Tuesday, February 5, 2013

CD REVIEW: The Consolation Project “Face Your Demons”

The Consolation ProjectFace Your Demons
               Whenever I sit down to review a piece of music, I take two main factors into consideration: The music and then the lyrics.   To me, the music is more important than the lyrics because I can often get into something that rocks hard if the lyrics are somewhat immature and also because there exists some really great instrumental music out there.  
                With an album like “Face Your Demons”, I wish I could say that I had only one of these two factors bear an unreasonable amount of weight on me, but alas, it was a combination of both.  
                The lyrics (And we’ll get further into them in a moment) play a large part in my psyche being affected but it would be quite less impactful if they were simply being spoken.   The music itself does play its part.   Some songs have the traditional influences I like to pull out of albums from “Ship of Ghosts” feeling a lot like Radiohead to “The King of Darkness” having a Fastball sound to it.  

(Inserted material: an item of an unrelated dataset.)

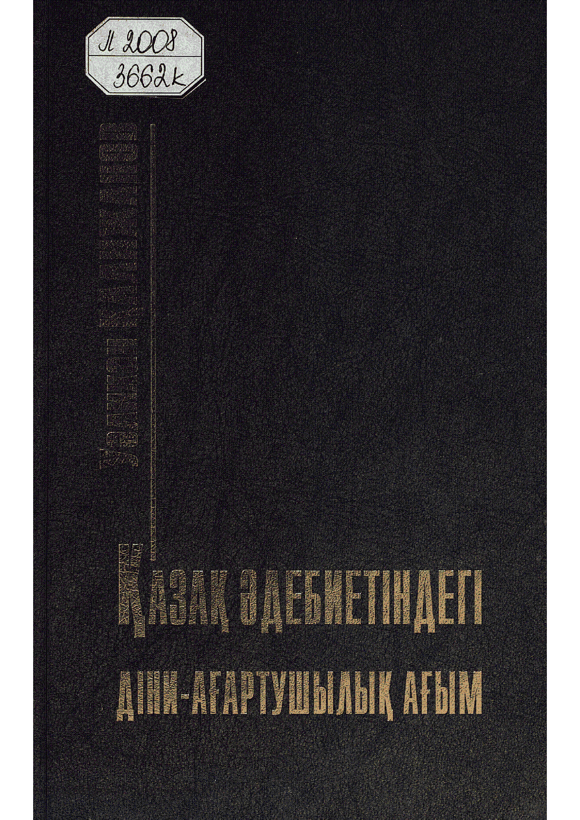 Қазақ әдебиетіндегі діни-ағартушылық ағым [Мәтін] / У. Қалижанов ; жалпы редакция З. Қабдолов .- Алматы : Құс Жолы , 2008.– 1000 дана . – ISBN 978-601-7074-05-0 (мұқ.) - Мырзатай Жолдасбеков қоры . 3-том . (ХІХ ғасырдың ортасы мен ХХ ғасырдың басы)– 286, [1] б. (мұқ.) : 0 тг.

                But to say that these songs are dark would be a vast understatement.    In my mind, these songs make Robert Smith sound like Justin Bieber.   (I’m not entirely sure what a Justin Bieber is, so I hope I made that joke properly)   A song like “In My Chest” brings out the 8 bit video game sound, which teeters back and forth from “Pretty Hate Machine” to “Downward Spiral” era Nine Inch Nails, but even that doesn’t seem that dark since it, you know, could be something in some distant sense you hear in an Atari 2600 game.   A song like “Curses Come Easy” sounds like it could be in that newer radio rock vibe along the lines of Snow Patrol or one of those other bands I dare not name, but even that’s more of a poppy sad sound than something so dark it gives you chills. 

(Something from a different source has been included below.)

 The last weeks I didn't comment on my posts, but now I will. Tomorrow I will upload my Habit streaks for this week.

                Musically, I feel like this album is exceptionally well done.  With different lyrics, it may or may not have had the same affect on me—I cannot say.    But these lyrics are just entirely too dark.
                When I was fifteen years old, I knew that I could never fully and completely explain to anyone how I felt inside or they would lock me away forever.   That was my biggest fear up until I turned thirty.  Then I actually spent some time in a psychiatric hospital and much to my surprise they released me.   Now, some would say (Mostly I would think) that I simply told them what they wanted to hear and played by their rules just so I could get out of that particular hell.   Some would also say that my medications aren’t cutting it and, well, a phone call to my doctor shows that when I recently moved my dosage was upped for that reason.    Do I feel better now?  Do I feel like I can continue my life without this dark piece inside of me?  That’s only a question that I can answer and quite frankly I feel like I’ve exposed enough of myself in this review already.   It’s not that I don’t like writing about myself, it’s just that it only has so much to do with the music.

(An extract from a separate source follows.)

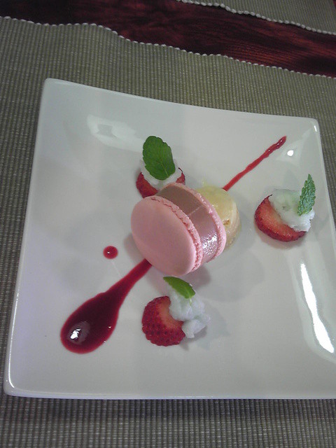 パスタの説明は必要ないでしょう、今月のデザートはフレーズフランボワーズのマカロンに牛乳とラズベリーのジェラートを添えたものでした。

                I cannot quote all of the lyrics I want to; there simply is not enough time.   You just need to listen to them for yourself.   But this is what would happen if you lived inside my darkest place.   Knowing what I went through months, hell years in advance to my complete mental breakdown that I’m not fully recovered from nearly three years after the fact… this is a way of understanding that—by listening to these songs.   “You’ll never win” is not a line sung repeatedly in the second song, but rather the soundtrack to my conscience.  
                Essentially, I can listen to this album because I can go to my darkest place and (for the most part) be all right.   Can you go to your darkest place and be all right?  That’s a question you have to answer for yourself because this album is some powerful voodoo.    I listen to it because I enjoy it and sometimes a dark song is the only way to get through the dark times, but no, I am not ready to face my demons just yet, which is probably why these songs haunt me ever so.